Stored data
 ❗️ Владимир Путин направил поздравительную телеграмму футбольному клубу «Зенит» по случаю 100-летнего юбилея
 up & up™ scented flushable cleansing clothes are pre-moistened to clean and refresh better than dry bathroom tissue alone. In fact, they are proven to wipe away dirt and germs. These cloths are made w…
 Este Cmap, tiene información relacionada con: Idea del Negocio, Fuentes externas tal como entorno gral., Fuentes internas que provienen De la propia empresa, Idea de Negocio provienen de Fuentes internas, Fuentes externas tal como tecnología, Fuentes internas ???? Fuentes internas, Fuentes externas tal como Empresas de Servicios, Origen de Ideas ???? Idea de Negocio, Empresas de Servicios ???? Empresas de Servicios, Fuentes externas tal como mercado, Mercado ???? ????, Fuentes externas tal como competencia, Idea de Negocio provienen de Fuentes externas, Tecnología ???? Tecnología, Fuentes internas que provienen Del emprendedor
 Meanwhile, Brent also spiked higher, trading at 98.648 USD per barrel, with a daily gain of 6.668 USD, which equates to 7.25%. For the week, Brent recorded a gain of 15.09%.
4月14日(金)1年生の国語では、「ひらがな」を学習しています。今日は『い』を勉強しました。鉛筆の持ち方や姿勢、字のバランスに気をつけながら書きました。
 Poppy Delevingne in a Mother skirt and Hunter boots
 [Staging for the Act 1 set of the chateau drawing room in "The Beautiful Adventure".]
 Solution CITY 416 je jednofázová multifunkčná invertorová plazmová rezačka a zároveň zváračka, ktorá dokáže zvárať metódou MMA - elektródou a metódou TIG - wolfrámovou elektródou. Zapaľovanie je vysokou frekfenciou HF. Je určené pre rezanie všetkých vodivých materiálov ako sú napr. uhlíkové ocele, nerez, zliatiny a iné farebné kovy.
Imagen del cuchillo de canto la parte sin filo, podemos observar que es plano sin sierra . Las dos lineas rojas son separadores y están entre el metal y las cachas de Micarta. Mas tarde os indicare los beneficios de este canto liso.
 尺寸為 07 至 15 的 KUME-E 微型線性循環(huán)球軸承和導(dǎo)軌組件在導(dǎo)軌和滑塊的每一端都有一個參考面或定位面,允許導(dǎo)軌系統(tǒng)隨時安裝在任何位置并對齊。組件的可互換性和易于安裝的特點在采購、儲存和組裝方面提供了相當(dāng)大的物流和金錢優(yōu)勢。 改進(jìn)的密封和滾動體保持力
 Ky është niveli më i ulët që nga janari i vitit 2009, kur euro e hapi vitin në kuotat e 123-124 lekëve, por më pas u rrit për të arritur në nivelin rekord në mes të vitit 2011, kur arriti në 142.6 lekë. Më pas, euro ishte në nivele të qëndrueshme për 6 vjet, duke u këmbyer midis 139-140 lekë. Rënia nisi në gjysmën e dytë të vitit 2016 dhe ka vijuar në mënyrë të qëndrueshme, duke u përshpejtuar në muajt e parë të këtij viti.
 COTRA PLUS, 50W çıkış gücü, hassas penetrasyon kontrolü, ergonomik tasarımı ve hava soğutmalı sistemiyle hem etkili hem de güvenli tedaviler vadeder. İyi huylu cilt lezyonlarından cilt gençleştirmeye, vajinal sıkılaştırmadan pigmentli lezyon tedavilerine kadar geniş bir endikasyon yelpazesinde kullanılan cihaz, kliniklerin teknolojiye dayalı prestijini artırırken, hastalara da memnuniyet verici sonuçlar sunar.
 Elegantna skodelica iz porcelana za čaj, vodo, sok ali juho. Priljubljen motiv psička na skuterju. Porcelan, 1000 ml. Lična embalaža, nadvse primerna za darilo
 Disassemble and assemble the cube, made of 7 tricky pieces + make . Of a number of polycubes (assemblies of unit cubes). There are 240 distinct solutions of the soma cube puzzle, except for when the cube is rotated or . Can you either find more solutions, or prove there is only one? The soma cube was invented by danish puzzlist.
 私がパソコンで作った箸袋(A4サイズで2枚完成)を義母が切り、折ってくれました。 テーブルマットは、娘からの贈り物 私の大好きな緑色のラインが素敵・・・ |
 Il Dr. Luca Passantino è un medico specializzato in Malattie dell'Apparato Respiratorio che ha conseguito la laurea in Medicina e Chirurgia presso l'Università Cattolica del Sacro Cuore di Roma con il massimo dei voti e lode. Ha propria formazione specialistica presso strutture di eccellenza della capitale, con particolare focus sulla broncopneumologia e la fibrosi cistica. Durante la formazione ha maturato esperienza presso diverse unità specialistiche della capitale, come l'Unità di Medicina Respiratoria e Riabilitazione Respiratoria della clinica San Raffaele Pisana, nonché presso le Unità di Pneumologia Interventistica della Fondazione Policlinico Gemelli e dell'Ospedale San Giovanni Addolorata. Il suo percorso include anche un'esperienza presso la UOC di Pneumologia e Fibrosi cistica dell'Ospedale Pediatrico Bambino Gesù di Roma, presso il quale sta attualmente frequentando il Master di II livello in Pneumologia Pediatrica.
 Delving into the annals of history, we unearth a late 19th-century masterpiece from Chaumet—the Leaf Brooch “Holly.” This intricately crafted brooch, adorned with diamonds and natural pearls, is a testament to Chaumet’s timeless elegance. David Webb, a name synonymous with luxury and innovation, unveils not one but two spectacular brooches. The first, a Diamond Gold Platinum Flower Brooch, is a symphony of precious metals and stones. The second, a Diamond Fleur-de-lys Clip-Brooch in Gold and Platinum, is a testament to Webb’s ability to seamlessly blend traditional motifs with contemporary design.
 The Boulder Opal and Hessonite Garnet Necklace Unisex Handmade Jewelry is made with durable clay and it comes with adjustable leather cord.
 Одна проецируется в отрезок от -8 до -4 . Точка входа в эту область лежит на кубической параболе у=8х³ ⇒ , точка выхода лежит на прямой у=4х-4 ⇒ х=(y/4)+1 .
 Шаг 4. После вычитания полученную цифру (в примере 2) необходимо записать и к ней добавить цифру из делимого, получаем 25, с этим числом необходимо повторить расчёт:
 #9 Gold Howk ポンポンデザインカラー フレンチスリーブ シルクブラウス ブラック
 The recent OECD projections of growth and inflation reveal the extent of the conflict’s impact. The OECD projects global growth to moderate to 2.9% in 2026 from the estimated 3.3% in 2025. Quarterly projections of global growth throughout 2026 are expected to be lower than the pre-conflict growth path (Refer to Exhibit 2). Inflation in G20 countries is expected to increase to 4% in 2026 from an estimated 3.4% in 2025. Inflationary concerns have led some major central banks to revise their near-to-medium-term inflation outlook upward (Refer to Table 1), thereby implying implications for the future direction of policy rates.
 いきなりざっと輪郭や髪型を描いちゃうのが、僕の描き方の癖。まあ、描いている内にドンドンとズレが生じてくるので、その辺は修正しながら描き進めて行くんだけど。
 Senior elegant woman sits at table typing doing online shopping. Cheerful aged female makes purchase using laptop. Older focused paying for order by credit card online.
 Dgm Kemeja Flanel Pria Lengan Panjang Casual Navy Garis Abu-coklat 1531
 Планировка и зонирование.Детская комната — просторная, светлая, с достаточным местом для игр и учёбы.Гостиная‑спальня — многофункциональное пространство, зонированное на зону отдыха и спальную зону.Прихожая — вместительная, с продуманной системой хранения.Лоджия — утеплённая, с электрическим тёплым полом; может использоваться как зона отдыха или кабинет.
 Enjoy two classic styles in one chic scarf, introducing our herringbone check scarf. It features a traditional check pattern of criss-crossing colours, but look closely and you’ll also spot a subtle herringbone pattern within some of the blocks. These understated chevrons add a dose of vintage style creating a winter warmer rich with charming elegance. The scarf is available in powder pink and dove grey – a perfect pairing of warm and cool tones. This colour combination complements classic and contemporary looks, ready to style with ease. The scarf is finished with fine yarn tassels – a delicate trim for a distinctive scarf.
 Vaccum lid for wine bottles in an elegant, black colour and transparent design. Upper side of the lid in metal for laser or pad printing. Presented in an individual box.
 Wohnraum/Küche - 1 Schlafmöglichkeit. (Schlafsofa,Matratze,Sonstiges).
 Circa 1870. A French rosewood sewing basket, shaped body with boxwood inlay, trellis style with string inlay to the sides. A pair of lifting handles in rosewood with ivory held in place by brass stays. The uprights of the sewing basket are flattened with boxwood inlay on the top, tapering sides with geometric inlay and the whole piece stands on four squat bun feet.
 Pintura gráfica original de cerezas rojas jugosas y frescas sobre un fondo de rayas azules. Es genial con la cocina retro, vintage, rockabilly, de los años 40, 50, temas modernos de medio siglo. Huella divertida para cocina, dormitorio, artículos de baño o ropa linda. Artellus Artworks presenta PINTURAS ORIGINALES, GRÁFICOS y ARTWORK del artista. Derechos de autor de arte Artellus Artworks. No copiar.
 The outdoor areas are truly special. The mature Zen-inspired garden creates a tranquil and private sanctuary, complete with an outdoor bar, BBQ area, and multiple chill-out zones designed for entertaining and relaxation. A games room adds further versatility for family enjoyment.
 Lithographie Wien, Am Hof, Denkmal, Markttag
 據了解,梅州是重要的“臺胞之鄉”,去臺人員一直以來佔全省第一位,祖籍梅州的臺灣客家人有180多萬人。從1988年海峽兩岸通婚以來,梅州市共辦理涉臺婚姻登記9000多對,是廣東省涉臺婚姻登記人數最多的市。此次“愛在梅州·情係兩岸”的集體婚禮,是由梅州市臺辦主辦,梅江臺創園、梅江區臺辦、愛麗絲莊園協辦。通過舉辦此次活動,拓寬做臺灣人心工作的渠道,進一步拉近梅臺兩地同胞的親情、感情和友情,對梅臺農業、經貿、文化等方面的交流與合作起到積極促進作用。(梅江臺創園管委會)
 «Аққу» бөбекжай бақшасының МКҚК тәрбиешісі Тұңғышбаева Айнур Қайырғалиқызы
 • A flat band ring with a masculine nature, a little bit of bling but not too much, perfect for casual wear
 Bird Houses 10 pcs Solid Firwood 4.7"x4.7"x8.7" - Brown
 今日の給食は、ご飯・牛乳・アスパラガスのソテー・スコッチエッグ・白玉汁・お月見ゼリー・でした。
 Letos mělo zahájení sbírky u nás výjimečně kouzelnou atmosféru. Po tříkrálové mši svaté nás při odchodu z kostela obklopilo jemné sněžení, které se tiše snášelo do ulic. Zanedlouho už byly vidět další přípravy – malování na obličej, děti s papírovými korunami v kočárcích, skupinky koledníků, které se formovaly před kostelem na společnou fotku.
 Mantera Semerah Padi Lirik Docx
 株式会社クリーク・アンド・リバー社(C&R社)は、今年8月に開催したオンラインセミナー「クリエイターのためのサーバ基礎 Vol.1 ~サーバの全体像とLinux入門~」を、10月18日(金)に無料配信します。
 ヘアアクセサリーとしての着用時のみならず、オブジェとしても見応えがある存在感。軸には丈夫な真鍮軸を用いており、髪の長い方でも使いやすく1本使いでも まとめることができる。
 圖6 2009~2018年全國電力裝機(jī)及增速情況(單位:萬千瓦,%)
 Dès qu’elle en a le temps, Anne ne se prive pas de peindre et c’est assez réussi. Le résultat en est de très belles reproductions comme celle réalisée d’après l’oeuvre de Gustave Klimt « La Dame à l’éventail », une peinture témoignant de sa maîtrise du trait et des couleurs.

* ACTION ITEM *
Give back exactly the lines above starting at the line where "The outdoor areas" appears and ending at the line where "Тұңғышбаева Айнур Қайырғалиқызы" appears, both included, with no other lines.

* ANSWER TO THE EXERCISE *
 The outdoor areas are truly special. The mature Zen-inspired garden creates a tranquil and private sanctuary, complete with an outdoor bar, BBQ area, and multiple chill-out zones designed for entertaining and relaxation. A games room adds further versatility for family enjoyment.
 Lithographie Wien, Am Hof, Denkmal, Markttag
 據了解,梅州是重要的“臺胞之鄉”,去臺人員一直以來佔全省第一位,祖籍梅州的臺灣客家人有180多萬人。從1988年海峽兩岸通婚以來,梅州市共辦理涉臺婚姻登記9000多對,是廣東省涉臺婚姻登記人數最多的市。此次“愛在梅州·情係兩岸”的集體婚禮,是由梅州市臺辦主辦,梅江臺創園、梅江區臺辦、愛麗絲莊園協辦。通過舉辦此次活動,拓寬做臺灣人心工作的渠道,進一步拉近梅臺兩地同胞的親情、感情和友情,對梅臺農業、經貿、文化等方面的交流與合作起到積極促進作用。(梅江臺創園管委會)
 «Аққу» бөбекжай бақшасының МКҚК тәрбиешісі Тұңғышбаева Айнур Қайырғалиқызы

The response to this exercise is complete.